[Task to carry out]
The answer should hold only the lines from the one containing "[에이치플러스몰]봄 베이직 니트티 카라넥 캐쥬얼 티셔츠 롱니트 티" through the one containing "Тем временем сковородка" in the entries below, copied exactly, without pictures.

Dataset items:
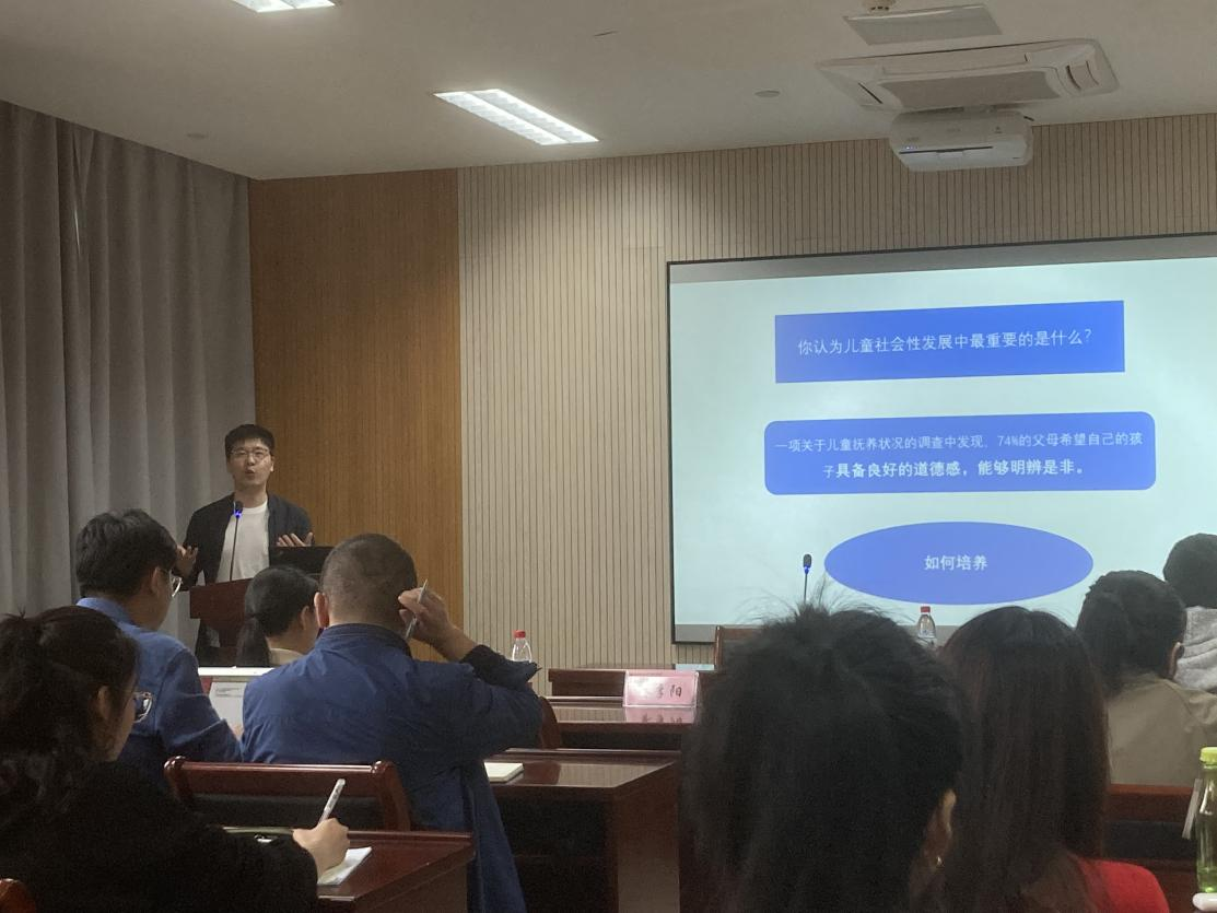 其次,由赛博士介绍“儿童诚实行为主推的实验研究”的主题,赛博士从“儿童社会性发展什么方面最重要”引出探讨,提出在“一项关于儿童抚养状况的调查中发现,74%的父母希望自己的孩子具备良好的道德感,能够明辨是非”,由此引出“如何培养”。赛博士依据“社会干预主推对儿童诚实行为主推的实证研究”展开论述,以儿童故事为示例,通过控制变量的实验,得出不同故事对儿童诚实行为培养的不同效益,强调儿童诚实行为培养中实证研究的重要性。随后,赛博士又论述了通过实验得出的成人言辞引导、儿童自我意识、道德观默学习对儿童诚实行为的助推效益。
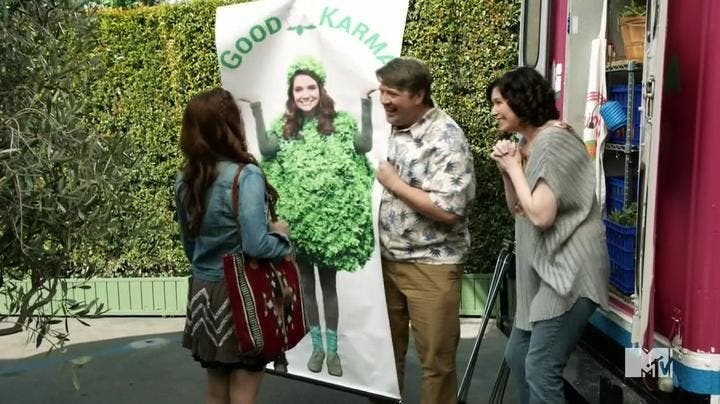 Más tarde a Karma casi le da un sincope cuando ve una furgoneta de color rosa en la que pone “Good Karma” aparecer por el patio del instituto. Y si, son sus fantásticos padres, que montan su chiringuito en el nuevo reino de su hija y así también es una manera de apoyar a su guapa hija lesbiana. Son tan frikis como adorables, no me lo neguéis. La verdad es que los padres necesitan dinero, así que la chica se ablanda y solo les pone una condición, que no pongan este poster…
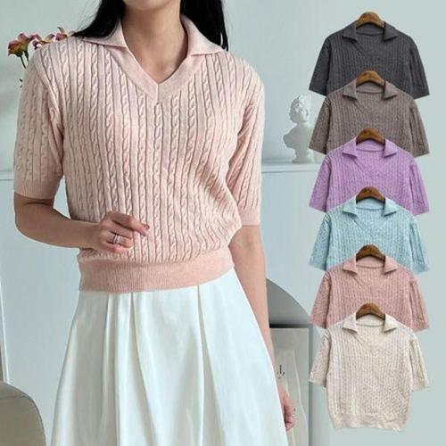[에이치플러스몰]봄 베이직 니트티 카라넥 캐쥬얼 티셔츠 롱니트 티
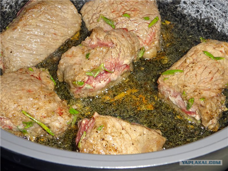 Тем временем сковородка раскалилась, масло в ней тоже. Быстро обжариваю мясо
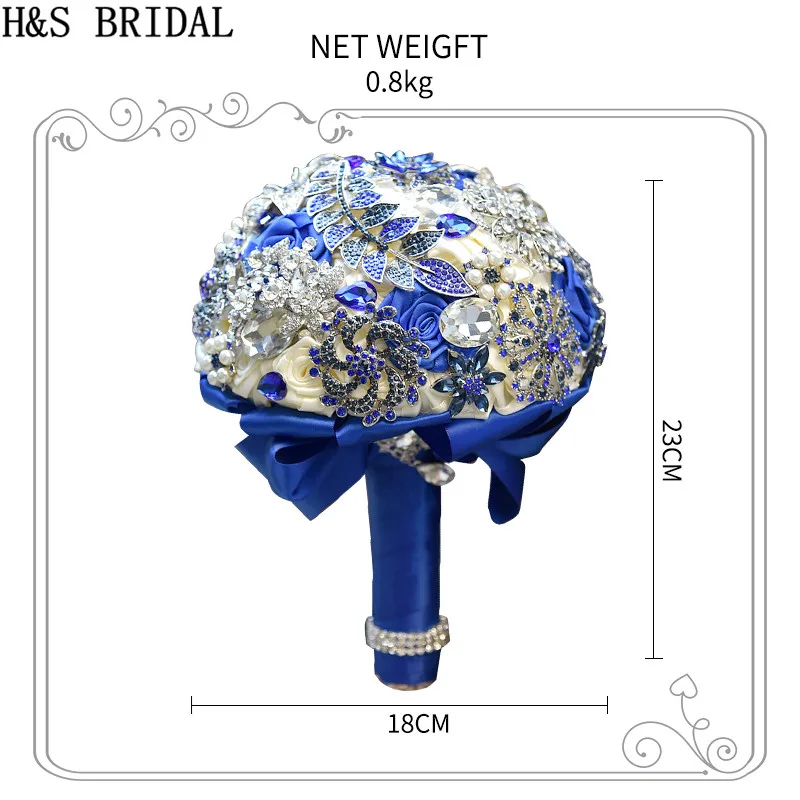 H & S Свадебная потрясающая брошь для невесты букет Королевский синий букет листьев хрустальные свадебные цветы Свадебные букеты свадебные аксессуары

[Result of this task]
[에이치플러스몰]봄 베이직 니트티 카라넥 캐쥬얼 티셔츠 롱니트 티
 Тем временем сковородка раскалилась, масло в ней тоже. Быстро обжариваю мясо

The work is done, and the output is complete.